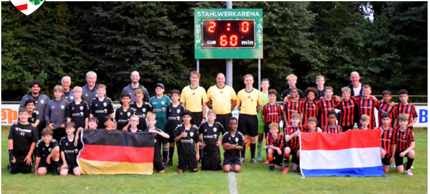
Nach Spielende kamen beide Mannschaften zu einem abschließenden Gruppenfoto vor der Anzeigetafel zusammen.

Für die D-Junioren der SG Augustfehn/Apen war es ein ganz besonderer Tag. Zum ersten Mal trat eine Mannschaft der SG in einem internationalen Vergleich an und feierte dabei vor 110 Zuschauern gleich einen gelungenen Einstand. Gegen die Niederländische Mannschaft vom WVV Winschoten siegte das Team mit 2:0 (1:0) Toren.
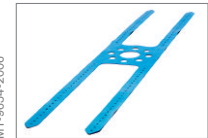
Kopfband, weiches Gummi, Einweg, Groß
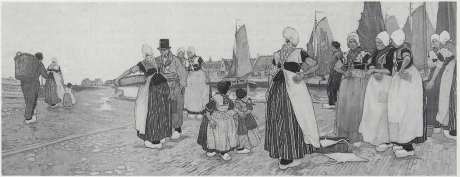
Hendrik Cassiers, de haven van Bunschoten.

de markt, tegen een boom zit een kind kousen te breien en twee pijprokende mannen (40 x 100 cm);
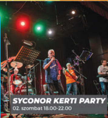
SYCONOR KERTI PARTY 02. szombat 18.00-22.00
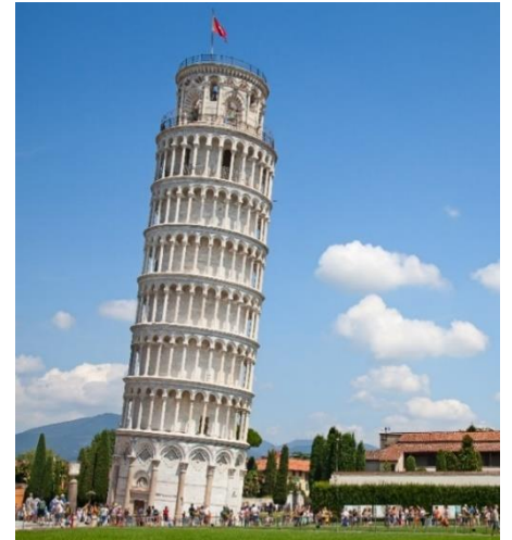
Highlight ! หอเอนปิซ่าเคยเป็นสถานที่กาลิเลโอมาพิสูจน์เรื่องแรงโน้มถ่วงของโลก
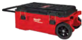
48-22-8428 Baúl rodante para herramientas PACKOUT™
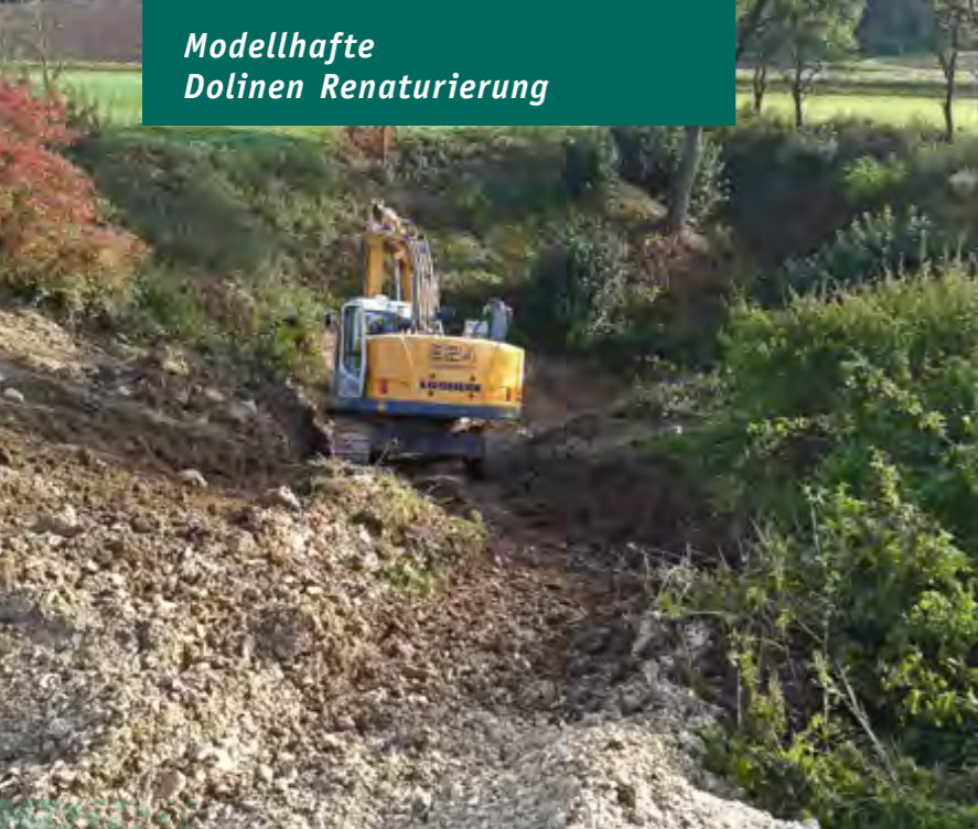
Im steilen Gelände der Doline Otterzhofen bei Riedenburg muss der Bagger Schwerstarbeit leisten.

**Task directions**
If an entry above holds a picture, omit the picture but retype everything else exactly.

**Task solution**
Nach Spielende kamen beide Mannschaften zu einem abschließenden Gruppenfoto vor der Anzeigetafel zusammen.

Für die D-Junioren der SG Augustfehn/Apen war es ein ganz besonderer Tag. Zum ersten Mal trat eine Mannschaft der SG in einem internationalen Vergleich an und feierte dabei vor 110 Zuschauern gleich einen gelungenen Einstand. Gegen die Niederländische Mannschaft vom WVV Winschoten siegte das Team mit 2:0 (1:0) Toren.
Kopfband, weiches Gummi, Einweg, Groß
Hendrik Cassiers, de haven van Bunschoten.

de markt, tegen een boom zit een kind kousen te breien en twee pijprokende mannen (40 x 100 cm);
SYCONOR KERTI PARTY 02. szombat 18.00-22.00
Highlight ! หอเอนปิซ่าเคยเป็นสถานที่กาลิเลโอมาพิสูจน์เรื่องแรงโน้มถ่วงของโลก
48-22-8428 Baúl rodante para herramientas PACKOUT™
Im steilen Gelände der Doline Otterzhofen bei Riedenburg muss der Bagger Schwerstarbeit leisten.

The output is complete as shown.